▶ _PROBLEM TO SOLVE_
A verbatim transcription of the listing below is required, without its pictures.

▶ _DATA SECTION_
+ + +
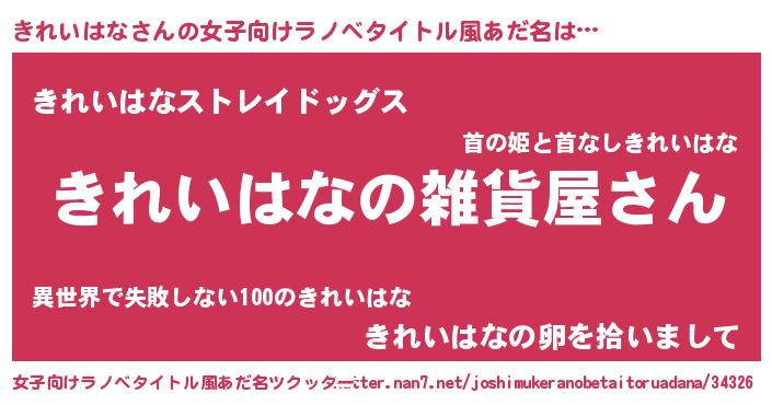 | 男性向けラノベタイトル風あだ名 | 『やはりきれいはなの青春ラブコメはまちがっている 』 |
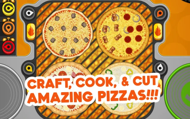 Each station in the restaurant is a hands-on process, and you'll have to multi-task between all of the different stations to keep up with your pizza orders. Choose a crust, add sauce and cheese, and add a variety of delicious toppings to the pizza. Slide the pizza into the oven and wait until it's baked just right. Head to the Cutting Station to cut the pizza into perfect slices, and serve the finished pie to your hungry customers!
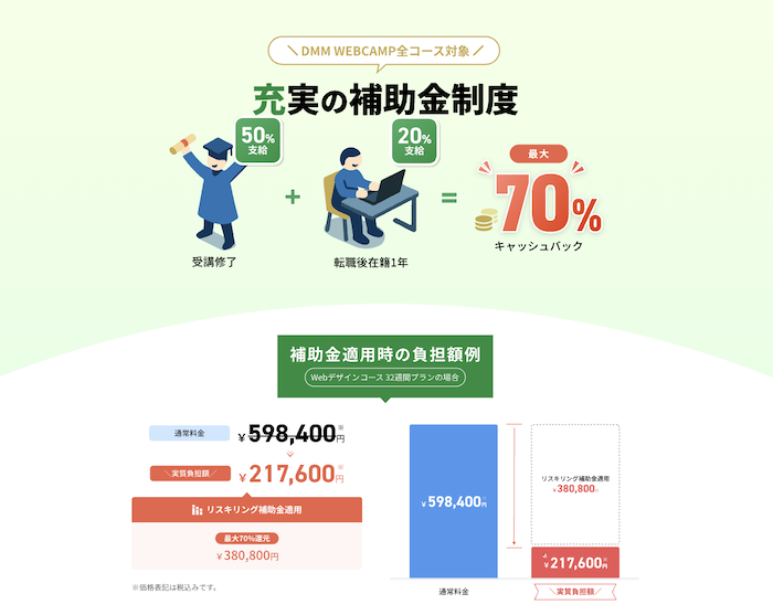 DMM WEBCAMPの料金体系は、金額の明確さだけでなく、サポートや補助金を含めた“受講しやすさ”が特徴です。
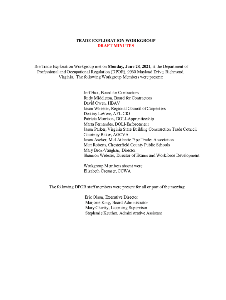 DRAFT MINUTEST he Trade Exploration Workgroup met on Monday, June 28, 2021, at the Department of
+ + +
▶ _EXPECTED ANSWER_
 | 男性向けラノベタイトル風あだ名 | 『やはりきれいはなの青春ラブコメはまちがっている 』 |
 Each station in the restaurant is a hands-on process, and you'll have to multi-task between all of the different stations to keep up with your pizza orders. Choose a crust, add sauce and cheese, and add a variety of delicious toppings to the pizza. Slide the pizza into the oven and wait until it's baked just right. Head to the Cutting Station to cut the pizza into perfect slices, and serve the finished pie to your hungry customers!
 DMM WEBCAMPの料金体系は、金額の明確さだけでなく、サポートや補助金を含めた“受講しやすさ”が特徴です。
 DRAFT MINUTEST he Trade Exploration Workgroup met on Monday, June 28, 2021, at the Department of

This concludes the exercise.